Malinally lived a short and brutal life since she was a child starting as a slave and inside her conquests with Cortés. She constantly was dragged from one place to another and with different owners and susceptible to being raped. She was ridiculed for everything she did regardless of whether she chose her or not. The fall of The Aztec Empire led the natives to believe that she was a traitor. Many believed that she was the reason because of the loyalty to Cortés and knew how important she was for him. The indigenous people saw the influence of Malinalli as a destructive help. In spite of all that, either dishonest or faithful, Malinalli acted passionately. She was an intelligent woman that she knew a lot and was very skilled and cunning in war situations to protect herself. Her survival reached the expense of her reputation during her life and much later after dying. Her words had a significant impact on the history of Mexicans. Without her permission, she became a interpreter of Cortés becoming the link between different cultures, seeing situations in different ways. This allowed him to reduce the possibility of so many massacres. It is possible that Cortés’ army could have been defeated if Malinally had not said of what the Aztecs conspired, but, anyway, the conquest of the New World was about to occur. Malinche is no longer foreign or ancient. Rather it is a living reminder that women have the power to speak on our own and mediate between two worlds to avoid tragedies without having physical strength, money or fame. The Malinche lived her life and her history made her a legend. She is a complex heroin and not the product of two cultures fighting for supremacy. Her history judges her for making decisions paradoxically instead of judging her as an individual in search of a better future. By recognizing the circumstances and facts of Malinche, the perspective of someone who has been slandered to someone who deserves to be venerated.

Bibliography

  • Chang-Rodríguez, Eugenio. "The great pre -Columbian civilizations". Latin America, its
  • Civilization and its culture. Fourth Edition. City University of New York-Queens College. 2008. 29-34.

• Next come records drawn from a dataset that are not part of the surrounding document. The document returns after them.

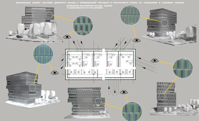 Саид Джабраилов, главный архитектор проекта: «Одна из интересных особенностей этого проекта – специально разработанная для него система двойного остекления фасада, позволяющая использовать его как регулируемый. В зимнее время межфасадное пространство аккумулирует тепло и помогает обогревать здание, а в летнее, наоборот, активно вентилируется, отводя избыток тепла от внешней стенки здания и помогая за счет этого существенно экономить энергию на кондиционирование помещений. Двуслойный стеклянный фасад играет ключевую роль и в создании архитектурного облика здания. Как уже говорилось, мы используем прозрачное и матовое стекло, причем в последнем случае двух разных оттенков: внешний слой делаем светло-зеленым, а внутренний - голубоватым, и за счет наложения их друг на друга получаем очень интересный по колористике фасад. При этом мы понимали, что сложность разработанной нами конструкции останется невыявленной, если фасады полностью сделать такими. Поэтому и появились прозрачные, однослойные вставки – они выгодно подчеркивают глубину и многомерность основного «одеяния» здания.» Саид Джабраилов, главный архитектор проекта
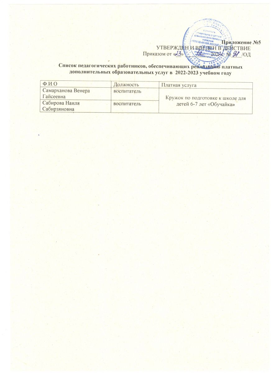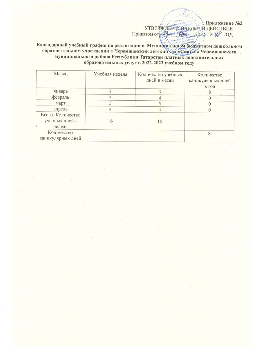 5. Календарный учебный график по реализации платных дополнительных образовательных услуг
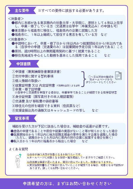 福島市への移住と福島県内の企業への就職を支援するため、東京圏内の対象大学等に通う学部生・院生について、
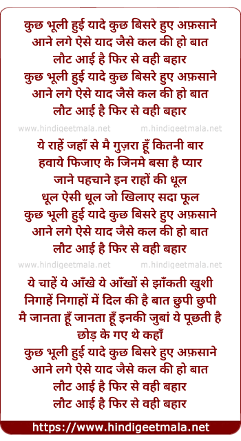 Lyrics of Kuchh Bhuli Huyi Yaade - कुछ भूली हुई यादे
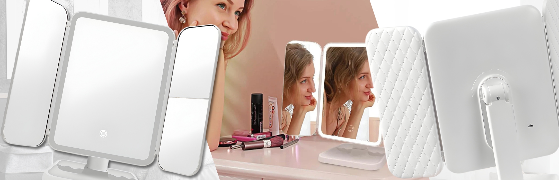Завдяки конструкції, що складається, дзеркало займає мінімум місця та легко поміщається в сумочку чи валізу, тому ви можете взяти його куди завгодно.

  • Esquivel, Laura. Malinche. 1. ed. In hard paste. New York: Atria, 2006. Print.
  • Franco, Jean and Bernal Elena. "La Malinche: from the gift to the sexual contract". Feminist debate,
  • Vol. 11, 1995, pp. 251-270. Jstor, www.Jstor.org.Stable/42625352.
  • McBride-Limaye, Ann. Metmorphhose of La Malinche and Mexican Cultural Identity.
  • COMPARTIVE CIVILIZATIONS REVIEW: Vol. 19: No. 19, articate 2. 1988. Pp. 1-29.
  • Restall, Matthew. Seven Myths of the Spanish Conquest. New York: Oxford University Press, INC., 2003. Print.